You’ve got to appreciate the sense of humour.

‘Well, oh mighty coven leader?’ Corrigan asked, jostling me with his elbow. The big thunderer was spoiling for a fight and resented having to wait for me to give the order. ‘Are we butchering some Infernals or not?’ He gestured to the final member of our unhallowed company. ‘Temper’s getting bored.’

‘Temper’ was what we called the seven-foot-tall furry—No, you know what? Better I leave that malicious monstrosity to introduce himself in his own inimitable style. Corrigan did have a point, though: if we waited too long to let Temper start killing things, he might reevaluate his position on whether we were friends or food.

‘Okay, fine,’ I agreed, mentally putting the finishing touches on my brilliant peace plan.

‘About fucking time,’ Corrigan muttered, stomping across the desert sands towards the gallows. The rest of us had to run to catch up with him before delivering what passes for a rallying cry amongst our little band of lunatic wonderists: ‘Peace at any price, no matter how many dumb fucks we have to kill!’

I know, needs work.

Pity the confused folk of the tragically named town of Pleasance; they were probably praying for a squadron of Glorian cavalry to come charging in on magnificent white steeds, their golden hooves barely touching the ground. What they got instead were seven emotionally unstable mercenary mages with unpredictable powers and severely compromised moral compasses.

What they got was the Malevolent Seven.

Chapter 2

Diplomacy

The rising sun at our backs sent our shadows stretching out before us like grim heralds as seven of the deadliest wonderists ever to wield magic strode towards the gallows. Well, six of us strode. One of us hopped. I’ll get to him in a minute.
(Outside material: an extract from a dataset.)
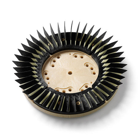 This 16 inch, 100 grit Diamabrush polymer floor polishing tool is part of a system that will transform your concrete floor into an easy to maintain polished floor. Each tool contains polymer blades that progressively fills in pores as you work your way down from low grit (like those in the 50 grit tool) to finer blades like the ones in the 200 grit tool. This results in a beautiful retail finish without the need for expensive, heavy machines or harsh chemicals.

The repugnant mechanics of angelic torture ground to a halt once the Infernal soldiers became aware of our approach. More than three dozen demoniac Hellions, Burrowmancers and Subjugators froze in contorted poses of gleeful dancing. The wailing of the captive Angelic Valiants quietened, leaving behind the aching memory of an Auroral melody that had once thrummed in my own heart. As for the townsfolk, they just stood there, watching and wondering what new misery was coming into their lives. The grimy stone walls of the settlement behind them were so weatherworn that a single decent catapult shot would have tumbled them to the ground– yet near the centre of town were spires of gleaming marble and alabaster rising up to kiss the sky.